Beyond Words: Experimental Poetry & the Avant-Garde

Event time: 
Friday, August 30, 2019 - 12:00am to Sunday, December 15, 2019 - 12:00am
Location: 
Beinecke Rare Book and Manuscript Library (BRBL) See map
121 Wall Street
New Haven, CT 06511
Event description: 

Words are at the heart and soul of poetry. Whether summoned in hours of deep contemplation, snatched from momentary flashes of inspiration, or allowed to tumble out freely in the absence of conscious intervention, words combine to give a poem shape and substance: in the mind, the voice, on the page. From traditional lines of alexandrine verse to the latest experimental forms, they remain the essential element, carriers of sense, sound, cadence, meaning. So what is poetry beyond words?

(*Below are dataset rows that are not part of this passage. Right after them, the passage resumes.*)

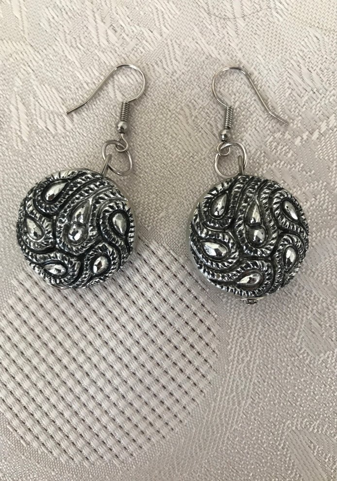 Nakışlı boncuk detaylı gri bohem tarzda küpeler, retro vintage havasında. Romantik akşamlar için normal midi uzunlukta.
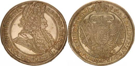 Leopold I. (1657-1705), Tolar 1696 KB Husz. 1374 var.: v celém opisu rv. dvojité ro
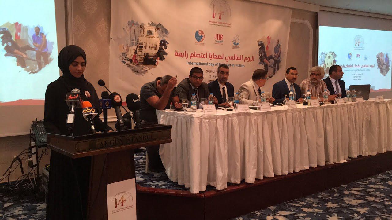 وطالب المشاركون في المؤتمر الدولي حول اليوم العالمي لضحايا اعتصام رابعة، والذى يعقد فى إسطنبول من قانونيين وحقوقيين ومُمثلي منظمات حقوقية محلية ودولية، بوضع خارطة تعريفية للتكييف القانوني لما حدث في فض اعتصام رابعة العدوية والميادين الأخرى، وفتح تحقيق دولي فيما حدث، وتوضيح مفهوم “عدالة ومشروعية الحق في الاعتصام”، مع توصيفٍ لحالة حقوق الإنسان في مصر، ودور القوى الإقليمية فيما حدث.
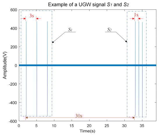 Under the ordinary working conditions of the system, all the odd-numbered transmitters simultaneously drive their ultrasonic transducers TA and TB to transmit their own characteristic signal S1 to both sides, left and right, along the rails. After thirty seconds, all the even-numbered transmitters proceed in the same way to generate their own signal S2 to both sides. Therefore, transmitters TA and TB can alternately emit the corresponding signals S1 and S2 every 30 s. Examples of signals S1 and S2 captured in the transmitter, after the transducers are plotted in Figure 4, where common amplitudes are around 500 V. Both signals S1 and S2 consist of three typical trains of UGW pulses (every train formed by 30 square pulses with a length of 33.33 μs). Though the waveform of both signals is similar, the interval among these three trains of UGW pulses is 3 s for the signal S1, whereas it is only 1 s in the case of S2. Since the receivers and transmitters are fully synchronized, receivers can detect which signal, S1 or S2, is received at any moment and then manage the ADC to acquire the corresponding signals every 3 s or 1 s, respectively, all of them inside a time window of 20 ms to include a train of UGW pulses. Note that the sampling frequency in the ADC is fs = 250 kHz.

The works in this exhibition challenge us to ask that question. How? Not necessarily by leaving words behind, though some of them certainly do this too. Lettrist hypergraphies blast the written word to bits. Not even vowels and consonants are safe in Gil Wolman’s megapneumies, or the cri-rythmes of François Dufrêne, or the recording sessions of Henri Chopin. But in most cases words abound, giving shape and substance to nearly all the compositions of experimental poetry here on display. Just as words have always done in poetry? Not quite. Even when they seem to make up the entire poem, words are by no means the only (or often even the primary) compositional element. Typography, layout, color (of ink or paint), even the material supports on which these words appear (paper, canvas, wood, iron, magnetic tape, to name a few) all come into play. But don’t such elements belong to words? Aren’t they simply part of them, an incidental part at that, subordinate but necessary for words to take concrete physical form and hence be read or heard? Well, no. Typography, layout, ink, material supports may be necessary for words to appear on a page, but they can also be deployed for other purposes, even at cross purposes, striking out at words, challenging their sense, altering or entirely subverting their meaning. By taking them up as compositional elements in their own right, experimental poets and artists of the avant-garde ask us to explore possibilities for creative expression in the purely visual, aural, tactile qualities of physical media. They ask us to look beyond words.